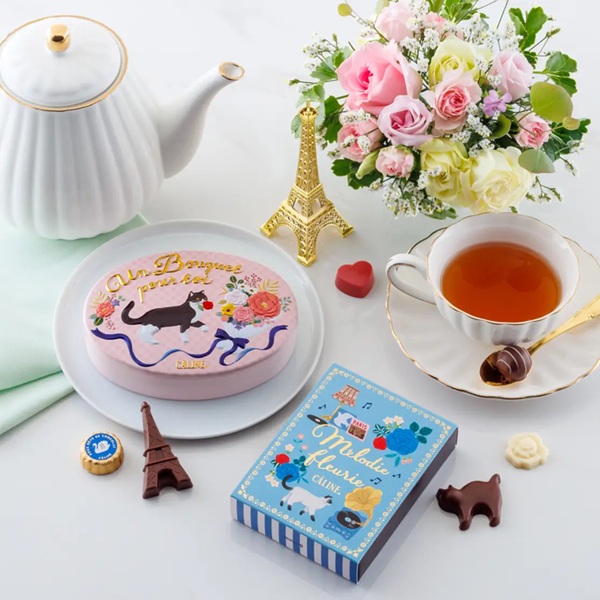 猫とお茶会をテーマにした華やかなピンク色のパッケージが可愛いギフトに込められているのは「Paris est un doux rêve パリは甘い夢」の物語。
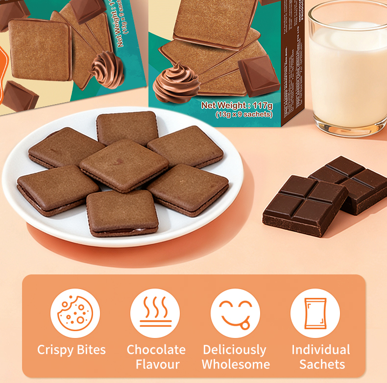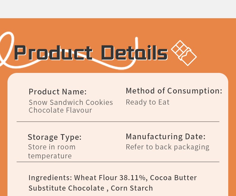 Wheat Flour 38.11%, Cocoa Butter Substitute Chocolate [Contains Whey Powder,Lactose, Lecithin (INS 322), Mono-and Diglycerol Fatty Acid Esters (INS 471), Vanillin, Flavouring] 32.00%, Sugar 11.43%, Vegetable Oil, Butter 3.81%, Cocoa Powder 2.68%, Corn Starch 1.52%, Glucose, Salt, Caramel Colour (INS 150), Sodium Bicarbonate (INS 500)
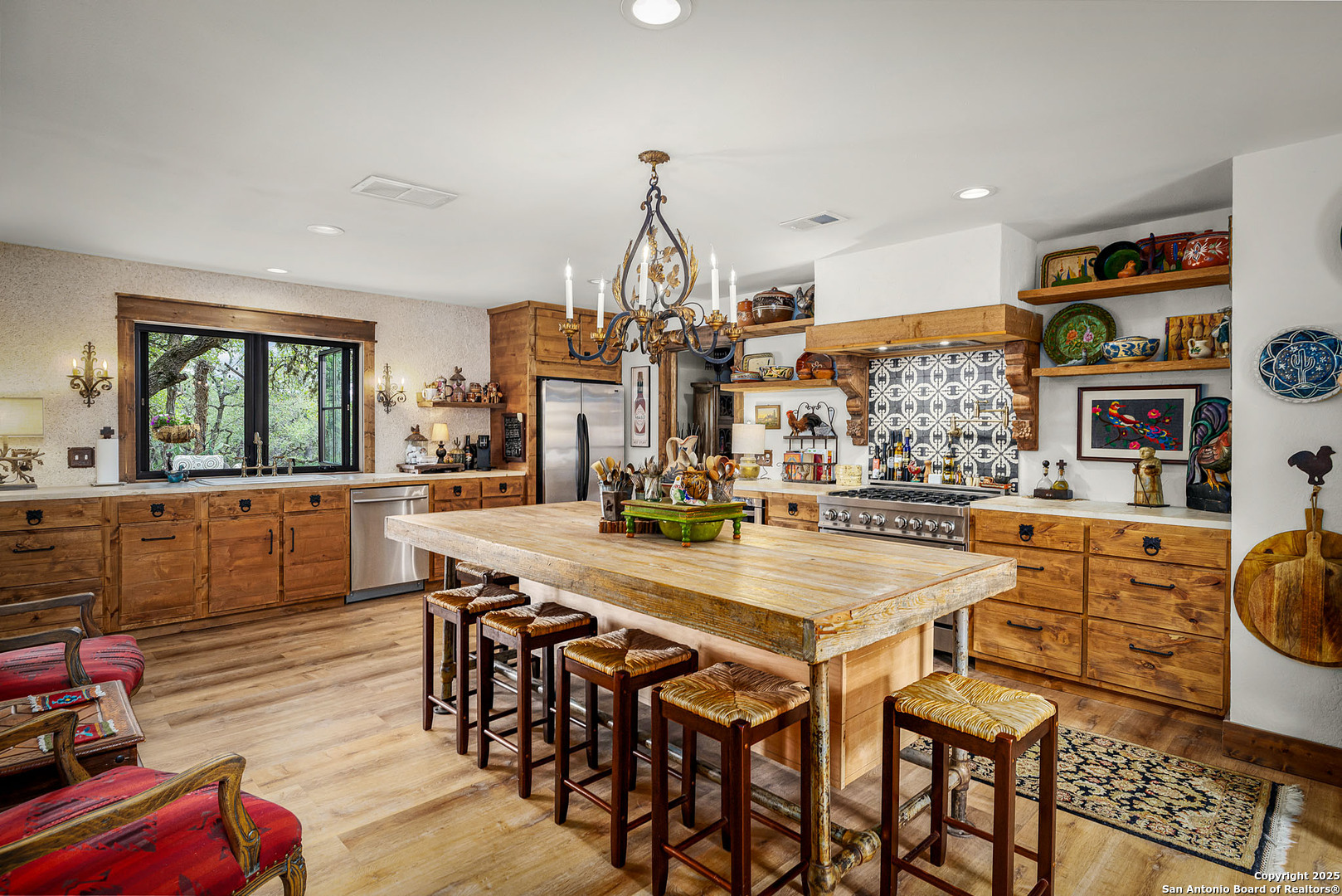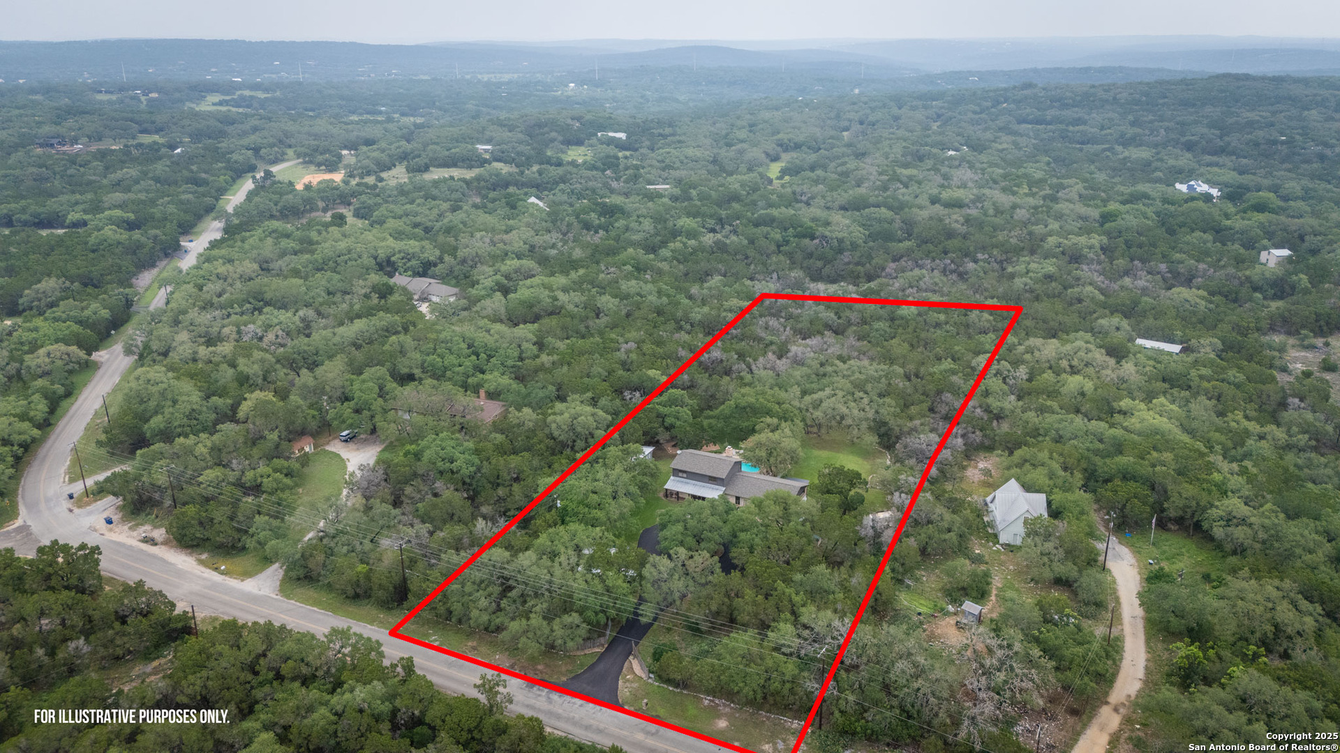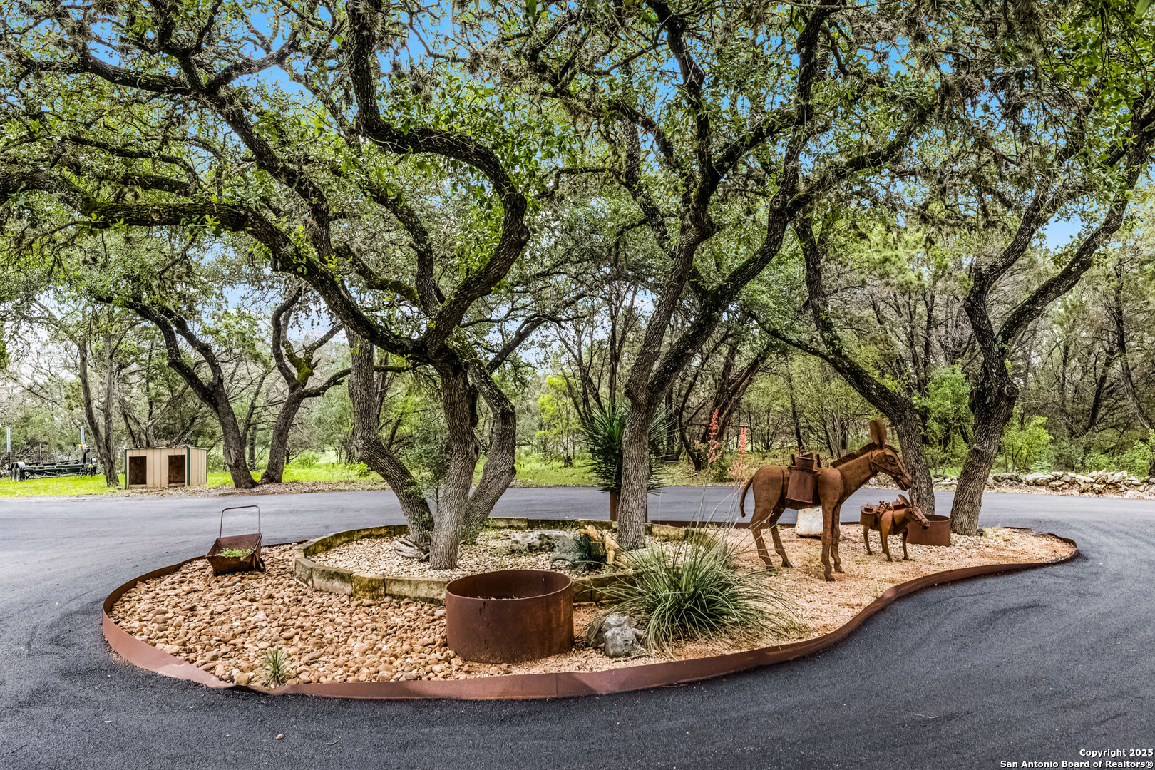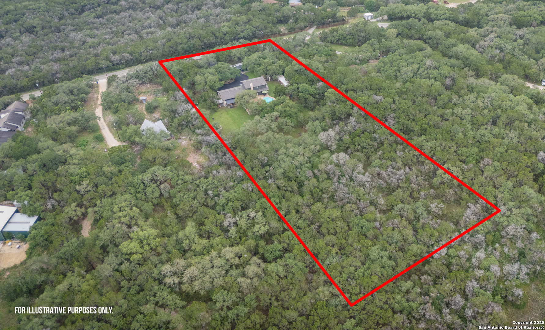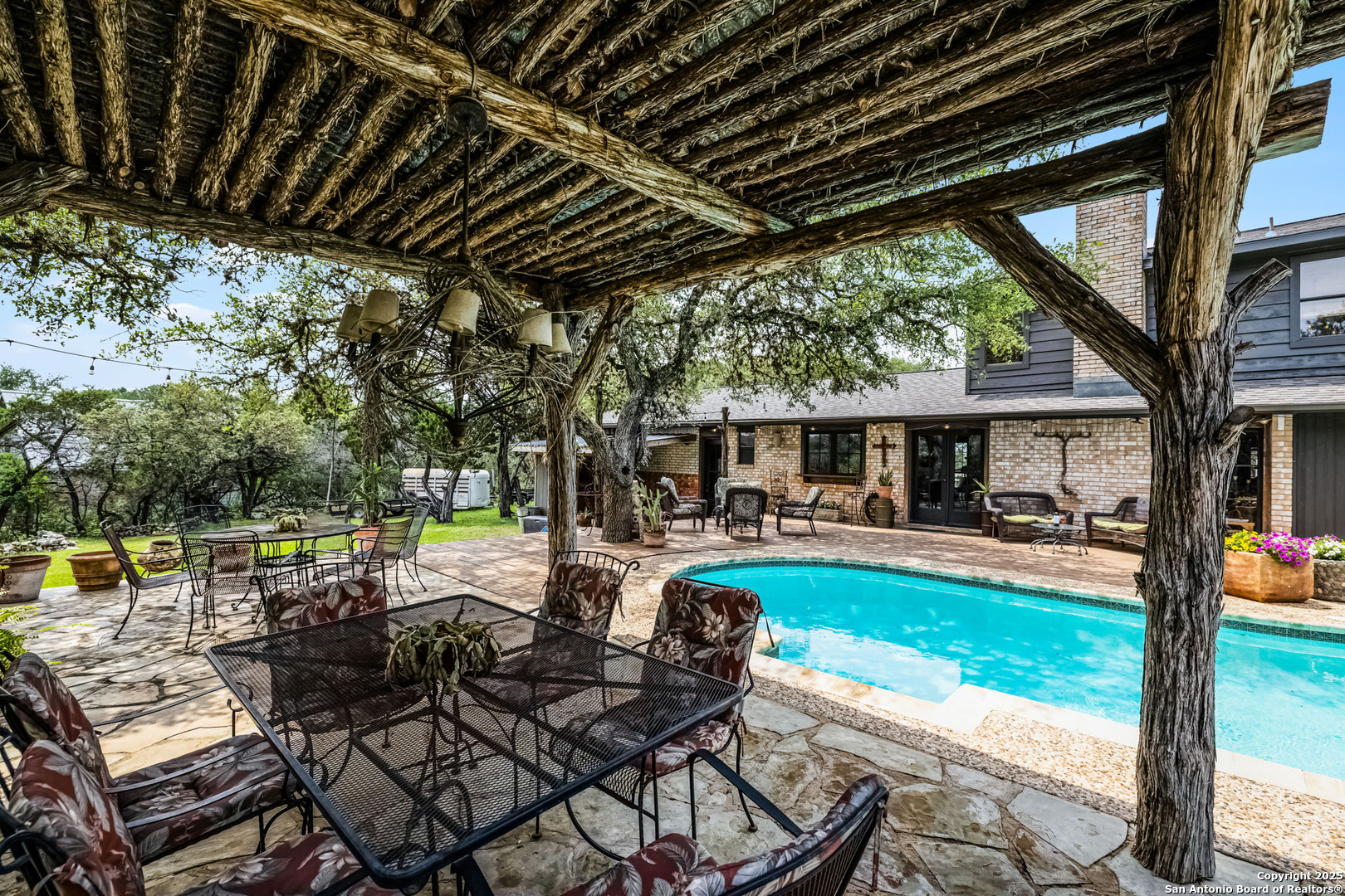 Experience Living at its best on 2.5 acres with a perfect blend of luxury, privacy, and convenience in the heart of Texas Hill Country. This recently remolded thoughtfully designed home blends rustic charm with refined luxury, featuring natural materials, top-tier finishes, and extensive outdoor living spaces ideal for entertaining. Entering the home is the terrazzo tile original to the house with exposed wooden beams that add warmth and architectural character to the house with Stucco interior walls which adds to the timeless elegance. The living room, kitchen and dining room have been opened up to create a very comfortable living space with a wood burning fireplace. The home has 4 bedrooms with the master being on the main floor with an on suite, upstairs are three bedrooms with a newly remolded bathroom. The gourmet kitchen has custom cabinetry, natural limestone pebble backsplash with natural limestone countertops. Professional-grade Z-line gas stove with pot filler and custom vent hood with Z-Line microwave drawer. The custom island allows room for seating while still plenty of room for cooking with an statement chandelier and European sconces for ambient lighting. The family room, formally the garage, was renovated in December of 2020. Which includes custom woodwork with beams and concreate floors. Off of the family room is a half bath with custom sink, custom wallpaper and European sconces. Outside provides a picturesque backdrop for entertainment and outdoor activities. The outdoor living spaces includes a pool with an outdoor kitchen with a built in BBQ grill with a mini-fridge, a firepit and plenty of room for relaxing. The property has no HOA so you can raise your AG/FFA projects at home with you. This is a house you don't want to slip by it is truly one of a kind.

- **WHAT YOU HAVE TO DO**: Without any of the pictures, reproduce the listing above exactly.

- **EXERCISE RESPONSE**:
 猫とお茶会をテーマにした華やかなピンク色のパッケージが可愛いギフトに込められているのは「Paris est un doux rêve パリは甘い夢」の物語。
 Wheat Flour 38.11%, Cocoa Butter Substitute Chocolate [Contains Whey Powder,Lactose, Lecithin (INS 322), Mono-and Diglycerol Fatty Acid Esters (INS 471), Vanillin, Flavouring] 32.00%, Sugar 11.43%, Vegetable Oil, Butter 3.81%, Cocoa Powder 2.68%, Corn Starch 1.52%, Glucose, Salt, Caramel Colour (INS 150), Sodium Bicarbonate (INS 500)
 Experience Living at its best on 2.5 acres with a perfect blend of luxury, privacy, and convenience in the heart of Texas Hill Country. This recently remolded thoughtfully designed home blends rustic charm with refined luxury, featuring natural materials, top-tier finishes, and extensive outdoor living spaces ideal for entertaining. Entering the home is the terrazzo tile original to the house with exposed wooden beams that add warmth and architectural character to the house with Stucco interior walls which adds to the timeless elegance. The living room, kitchen and dining room have been opened up to create a very comfortable living space with a wood burning fireplace. The home has 4 bedrooms with the master being on the main floor with an on suite, upstairs are three bedrooms with a newly remolded bathroom. The gourmet kitchen has custom cabinetry, natural limestone pebble backsplash with natural limestone countertops. Professional-grade Z-line gas stove with pot filler and custom vent hood with Z-Line microwave drawer. The custom island allows room for seating while still plenty of room for cooking with an statement chandelier and European sconces for ambient lighting. The family room, formally the garage, was renovated in December of 2020. Which includes custom woodwork with beams and concreate floors. Off of the family room is a half bath with custom sink, custom wallpaper and European sconces. Outside provides a picturesque backdrop for entertainment and outdoor activities. The outdoor living spaces includes a pool with an outdoor kitchen with a built in BBQ grill with a mini-fridge, a firepit and plenty of room for relaxing. The property has no HOA so you can raise your AG/FFA projects at home with you. This is a house you don't want to slip by it is truly one of a kind.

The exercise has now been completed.